Friday, April 1, 2011

Kate Walking and Dancing



For over a year after our daughter was born, we watched her very, very slowly develop...then, a month after her first birthday, our little girl decided she just wasn't ok with laying around anymore. She became a fighter and has worked so very hard with her therapists and us to sit up, crawl, stand, squat, kneel, communicate, dance and finally walk. She still has a long way to go to become independent, but we are rejoicing in every moment that leads us there. Enjoy!

Wednesday, March 30, 2011

Promise to Kate Team

Thank you, thank you, thank you to all of our amazing family and friends who came out sporting their black and hot pink shirts and raised money for team Promise to Kate for the MDA Muscle Walk this past Saturday. Promise to Kate raised over $4,000 and won two trophies for most walkers and most team money raised. Using her walker, Kate led the team along our short stroll through the mall. She even showed off some of her independent steps as a warm-up for her team! A special thank you to all of our supporters!



PS- I think Kate really enjoyed the walk. She took 39 independent steps in a row on Tuesday at her PT session. She was trying to get the cuddly bear that mommy was holding with Ms Penny following behind her to brace for falls....only she didn't fall, she regained her balance all by herself each time she wobbled and made it across the house and down the hallway! A HUGE accomplishment for her and she hasn't been able to replicate it for daddy, but I know it is only a matter of time. I think it is fair to say that she LOVES her Physical Therapist, Penny...she will do anything for her!

Monday, January 17, 2011

The Club

I am a member of a club here in town. It's priveleges aren't that great, they don't serve you food and they keep it a little too cool in their rooms, but, as my MawMaw says, "It beats the alternative!"
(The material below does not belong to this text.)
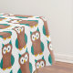 Tablecloth print features an original marker illustration of a wise brown owl.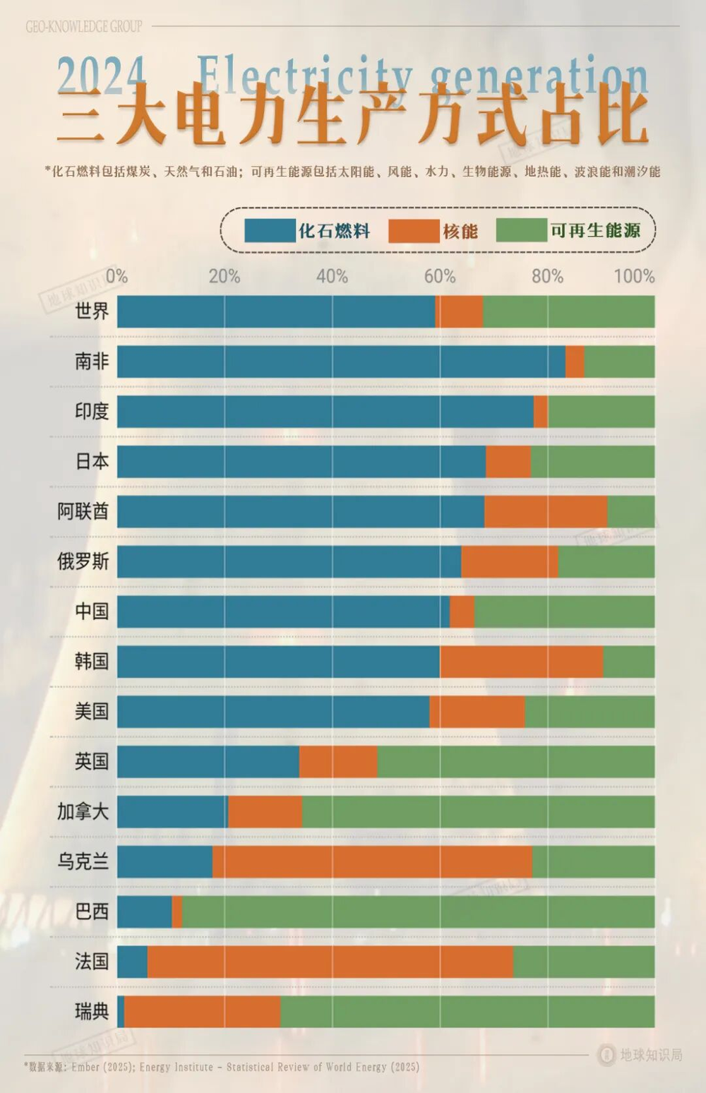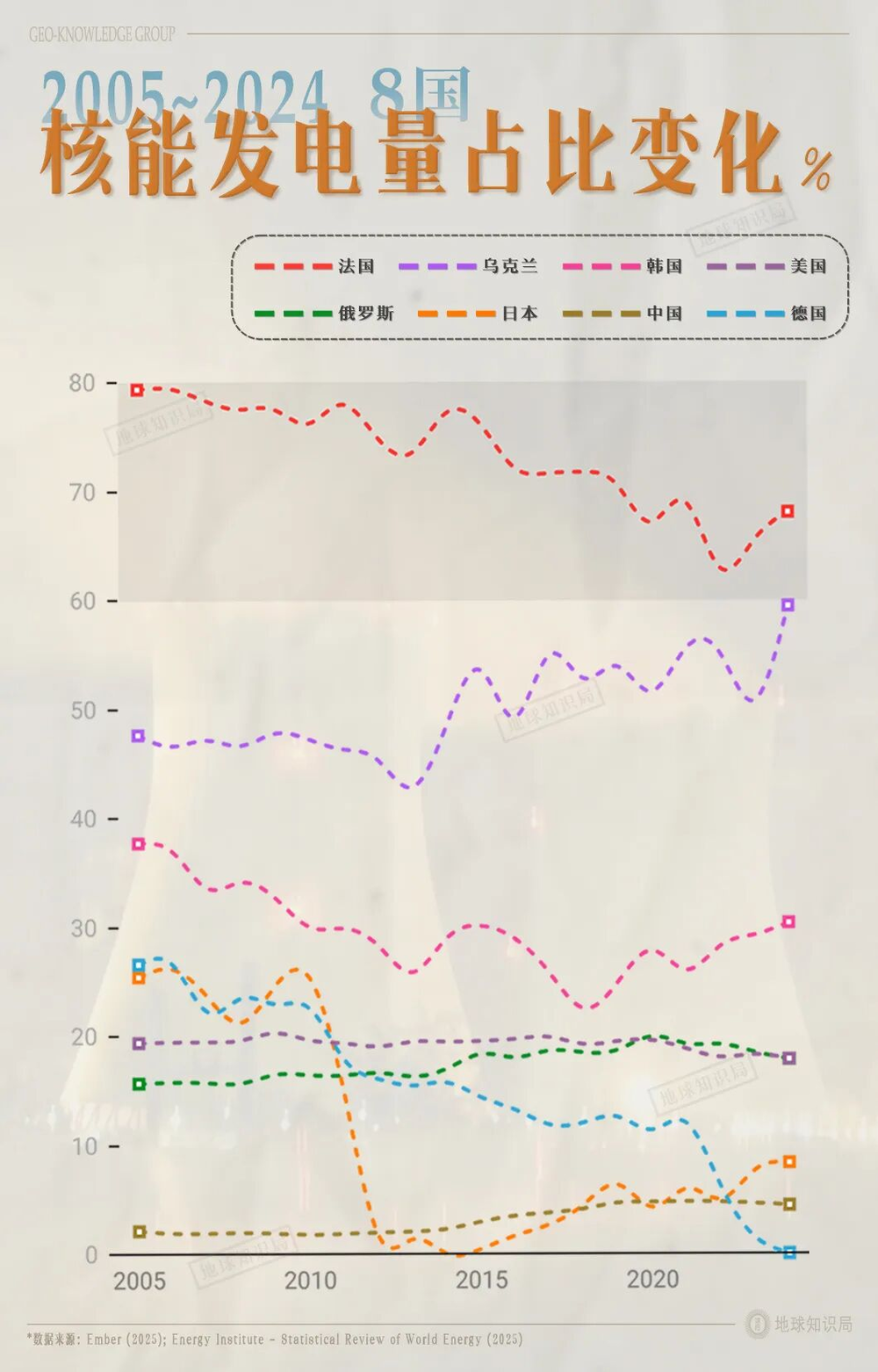 在近几十年中,法国的核电占比一直稳居世界之首▼

I became a member after Kate was born and apparantely, will be a member for the rest of her life. Memberships to this club aren't sought after and cannot be bought, only earned by your experiences. Through each of my experiences here, I have watched the other members come and go... carrying laundry, snacks, babydolls and trucks...up and down elevators....often wearing the same wrinkled clothes...always looking tired. The most common attribute they carry though is stress. It's painted on their faces and even when they smile, the worry is still visible.

The levels of membership here vary and I am relieved to say that my level isn't nearly as advanced as other members I have seen. I THANK GOD EVERY DAY FOR THIS! I watch as the more "advanced" members rock their non-stop crying child to ease the pain, kiss their baby before he leaves for open heart sugery, or walking their balding toddler down the hallway, making sure the iv pole stays within reach. I'm as sensitive as they come and it is always very hard to watch all of these other members worry so visibly, all the while carrying my own smaller level of stress.

During our visits to "The Club," I lay awake at night and listen to the other members' babies cry and moan and whimper. I listen to mothers singing sweet lullabies. I listen to beeping....lots and lots and lots of beeping! I listen as doctors and nurses explain and console other members.

I learned that some members don't come to the club and stay with their child. They are invited, but for whatever reason, their child lays here 98% of the day and night alone. The nurses and doctors are far too busy to hold their hand or sing soothing songs all night. They must tend to everyone's needs. Ouch...this really hurts to watch and hear!

I'm not sure this is something I'll ever get accustomed to watching, listening and feeling, but I can tell you that these experiences always make me...GRATEFUL. I tell myself often, "it could always be worse" and my MawMaw is very right..."This beats the alternative." While my baby often gets sick and every now and then, really sick, she has so many days of being healthy and happy. I get the privelege of loving on her and playing with her every day. I get to hear her call me "Mama" and hold her sweet head against my chest and tell her that everything is going to be ok. I get to rock her every night and sing sweet lullabies, telling her that Mommy, Daddy, Bubba, Jackie, Jesus, G, Grandpa (the list could go on for days) all love her so much. I tell her that she is a strong little girl and that she can fight for her health, muscle strength and place in this world. I tell her that she can do anything she sets her mind to do. And day by day, I expect to see her do things that continue to make me laugh and love her even more. (Secretly, I even tell her that I fully expect her to challenge me during her teenage years.)

Yes, I am a member of The Club here, but I wouldn't trade my daughter for anything else in this world. So, I proudly and often tiredly wear this badge of honor as her mother and will always be grateful for the precious gift God has entrusted in my care.